Then, in the campaign’s final two days, he will attempt to seal the deal in large battleground states — Ohio, Florida, North Carolina and Virginia.

“We are three days away from changing the United States of America,” Obama told voters Saturday in Nevada.

Republican John McCain, meanwhile, spent Saturday in Virginia and then travel to Pennsylvania — a state billed, despite an apparently sizeable Obama lead, as a must-win for the GOP ticket.

The candidates’ running mates are joining the sprint with heavily freighted weekend schedules of their own.

Obama’s running mate Joe Biden, will spend Saturday and Sunday in Indiana, Ohio and Florida, while Republican vice presidential candidate Sarah Palin was scheduled to target Florida, North Carolina, Virginia and Ohio.

McCain may be down in the polls, but neither his aggressive schedule nor the tone of his stump speeches admits any hint of defeat.

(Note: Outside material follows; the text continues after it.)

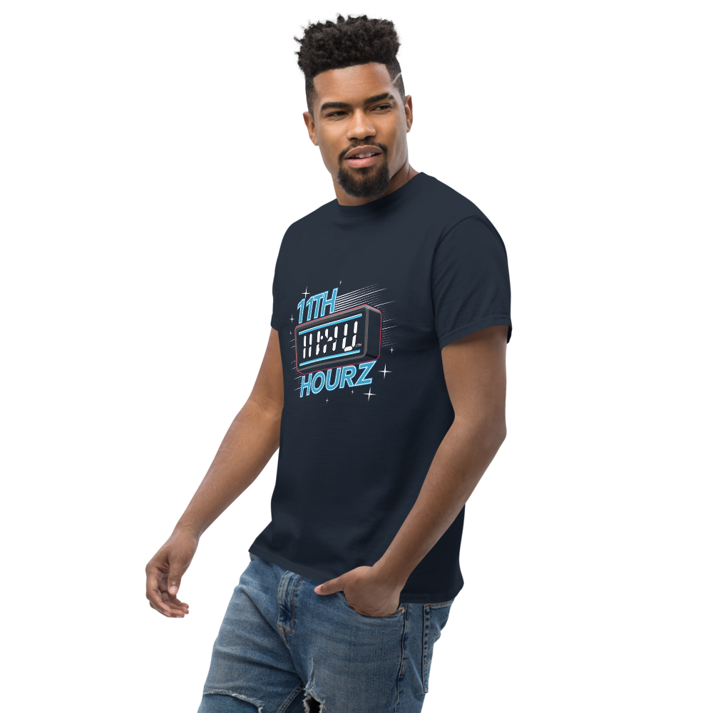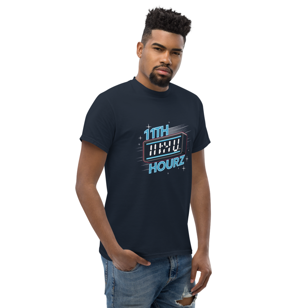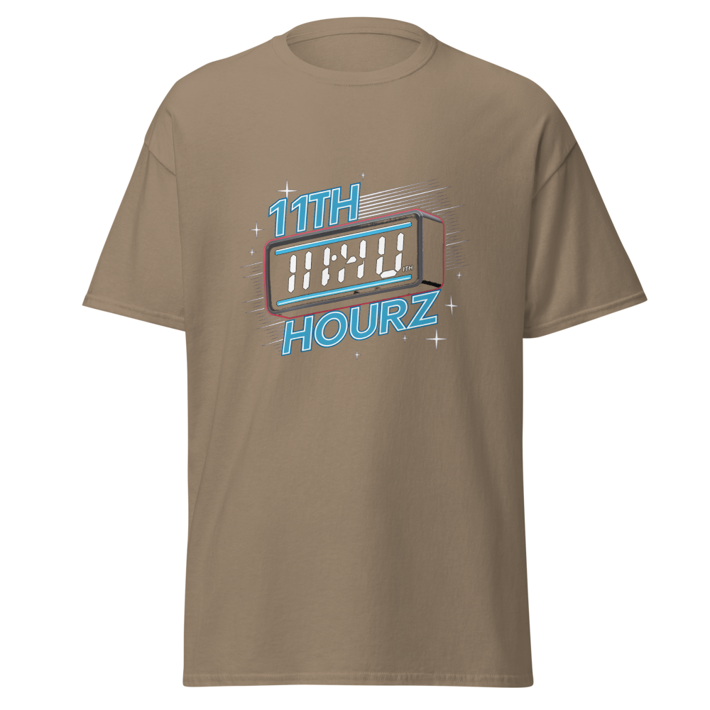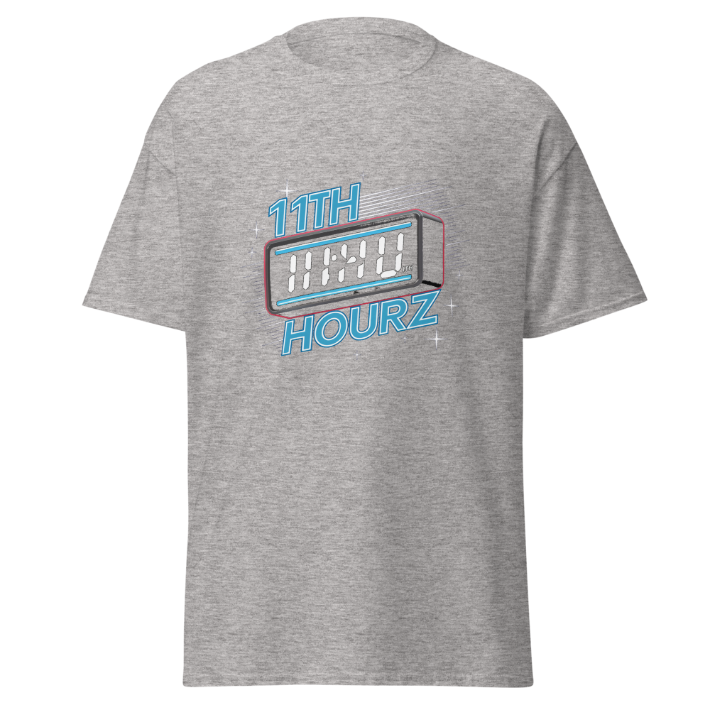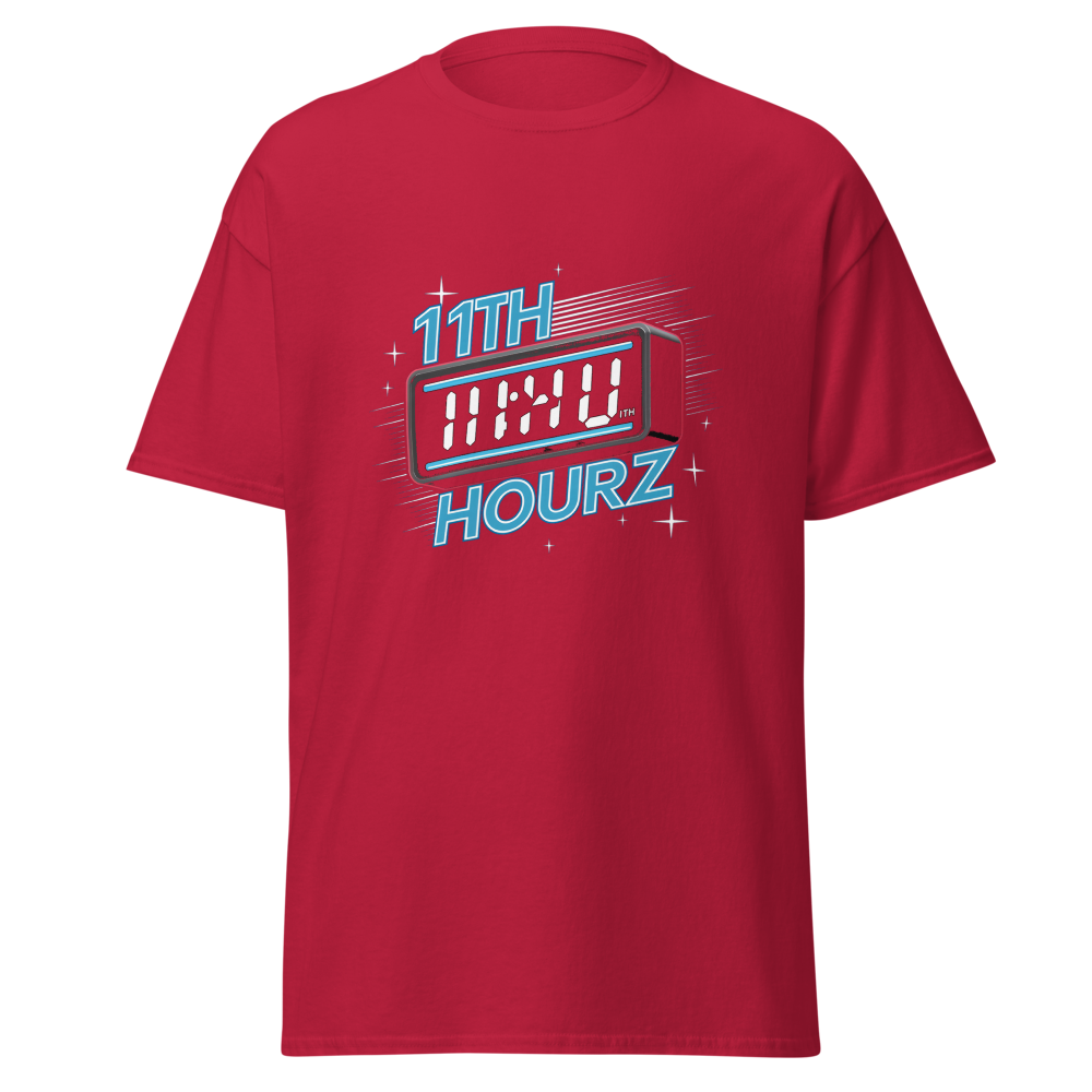A cool blend of nostalgia and modern flair, this t-shirt features a classic digital clock showing 11:00 with a neon glow. The starry background and retro alarm bells complete the vintage vibe, perfect for old school sports fans.This t-shirt is everything you’ve dreamed of and more. It feels soft and lightweight, with the right amount of stretch. It’s comfortable and flattering for all. 100% combed and ring-spun cotton (Heather colors contain polyester) Fabric weight: 4.2 oz./yd.² (142 g/m²) Pre-shrunk fabric Side-seamed construction Shoulder-to-shoulder taping

At a Saturday morning rally in the Virginia city of Newport News, where the latest CNN-Time poll has Obama ahead 53-44, McCain predicted a win, telling voters that the polls were swinging in his favor.

McCain will cap off the weekend in New Hampshire. While Obama is polling ahead in this state, it delivered McCain victories in both 2000 and 2008 primaries.

Last Friday’s ABC News tracking poll had Obama with a nine-point lead over McCain.

Despite the polls and last-minute endorsements, Obama was taking nothing for granted and urging voters to continue to fight.

“We can’t afford to slow down, or sit back, or let up for one day, one minute or one second in this last week. Not now. Not when so much is at stake. We have to go ahead and bring it home. We have got to go win this election,” Obama said.